In the analysis of piles supporting offshore structures, the key element in predicting the response to lateral loads is the determination of the appropriate lateral load - deformation relationships (p-y curves) for the soil. The present practice of constructing p-y curves is based on the results of lateral load tests on instumented piles and strength-deformation characteristics of the soil. (Matlock,1970; Reese et al, 1975; and API RP 2A, 1978)

A study was undertaken to compare the results from lateral load tests on piles up to 59 inches in diameter driven in soft to medium clays to that predicted using the above ways of constructing p-y curves.

In general, it was found that the predicted pile deflections were significantly greater than the observed deflections. Also the maximum bending moments were underestimated.

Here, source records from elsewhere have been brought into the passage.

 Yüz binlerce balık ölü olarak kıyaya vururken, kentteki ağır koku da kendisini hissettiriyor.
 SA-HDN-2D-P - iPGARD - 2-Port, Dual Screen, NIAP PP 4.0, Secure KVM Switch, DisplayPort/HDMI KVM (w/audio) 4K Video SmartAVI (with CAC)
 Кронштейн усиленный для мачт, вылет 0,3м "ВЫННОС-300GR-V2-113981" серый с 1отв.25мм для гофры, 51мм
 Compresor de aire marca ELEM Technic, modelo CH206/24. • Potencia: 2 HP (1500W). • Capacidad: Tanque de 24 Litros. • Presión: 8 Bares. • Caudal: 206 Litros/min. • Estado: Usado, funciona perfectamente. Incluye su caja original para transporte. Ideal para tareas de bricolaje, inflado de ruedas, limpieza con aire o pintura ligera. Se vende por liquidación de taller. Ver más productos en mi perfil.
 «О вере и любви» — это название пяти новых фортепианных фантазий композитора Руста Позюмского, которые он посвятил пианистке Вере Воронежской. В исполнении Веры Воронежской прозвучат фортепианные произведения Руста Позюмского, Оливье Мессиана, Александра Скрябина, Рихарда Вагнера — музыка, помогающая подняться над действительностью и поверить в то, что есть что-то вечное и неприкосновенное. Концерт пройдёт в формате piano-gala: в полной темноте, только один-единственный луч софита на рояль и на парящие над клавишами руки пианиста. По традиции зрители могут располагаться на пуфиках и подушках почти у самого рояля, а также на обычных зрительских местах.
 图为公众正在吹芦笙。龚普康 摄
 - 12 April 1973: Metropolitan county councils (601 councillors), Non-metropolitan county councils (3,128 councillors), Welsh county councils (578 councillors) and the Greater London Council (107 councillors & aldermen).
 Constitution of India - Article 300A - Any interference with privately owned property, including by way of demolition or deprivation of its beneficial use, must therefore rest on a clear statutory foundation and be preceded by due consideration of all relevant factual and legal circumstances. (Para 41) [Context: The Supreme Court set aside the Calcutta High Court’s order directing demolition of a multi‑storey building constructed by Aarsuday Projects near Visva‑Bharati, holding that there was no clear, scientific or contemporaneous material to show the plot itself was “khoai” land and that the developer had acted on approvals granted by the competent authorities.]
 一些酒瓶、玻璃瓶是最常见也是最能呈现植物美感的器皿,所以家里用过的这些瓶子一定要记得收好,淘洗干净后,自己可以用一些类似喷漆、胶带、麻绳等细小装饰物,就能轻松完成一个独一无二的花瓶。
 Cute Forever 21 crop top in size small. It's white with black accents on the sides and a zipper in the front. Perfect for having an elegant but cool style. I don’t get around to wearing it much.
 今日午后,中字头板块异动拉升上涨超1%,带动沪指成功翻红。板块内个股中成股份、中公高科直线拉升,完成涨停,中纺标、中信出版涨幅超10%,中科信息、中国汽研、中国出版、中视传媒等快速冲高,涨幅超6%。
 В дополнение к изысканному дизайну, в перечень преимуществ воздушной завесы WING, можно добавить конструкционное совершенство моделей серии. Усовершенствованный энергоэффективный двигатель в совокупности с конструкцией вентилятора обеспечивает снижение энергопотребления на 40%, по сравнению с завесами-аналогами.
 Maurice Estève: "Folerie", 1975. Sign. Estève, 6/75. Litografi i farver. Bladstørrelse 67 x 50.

Two factors were identified as sources of the differences; The first was the assumed linear dependence of the soil-deformation characteristics on pile diameter. The second was the lateral soil resistance at shallow depths was greater than those given by the empirical methods.

Based on the study results, modifications are suggested to the present methods of constructing p-y curves.


P-y curves are generally used to characterize the lateral soil resistance-deformation relationship for piles supporting offshore structures. These curves are related to the strength-deformation characteristics of the soil as obtained from conventional soil tests. The methods of constructing p-y curves for clays are empirically derived from the results of lateral load tests on instrumented piles.

The use of empirical methods for design purposes is justifiable when the design conditions approximate those upon which the method is based. One of the important considerations in using empirical methods in geotechnical engineering is the scale effect. Ideally the size of the test element should be the same as the actual element. However, in most cases, it is impractical to perform a full scale test.

The methods presently used for constructing p-y curves for clays were based on piles having diameters ranging from 6 to 24 inches. With the trend of installing platforms in deeper waters and more hostile enviroments, piles with diameters ranging from 5 to 8 feet are common. An extreme example is a number of 15-ft diameter piles driven in the Scheldt River delta to support a cable way. (Lubking, 1977) Piles of these diameters are much larger than those upon which the empirical methods are based.

Lateral load tests on instrumented piles comparable to those presently used offshore have been published. In addition, other researchers have presented results which suggest ways to account for scale effects. This paper compares the test results to those predicted using the present methods of constructing p-y curves and suggests some modifications.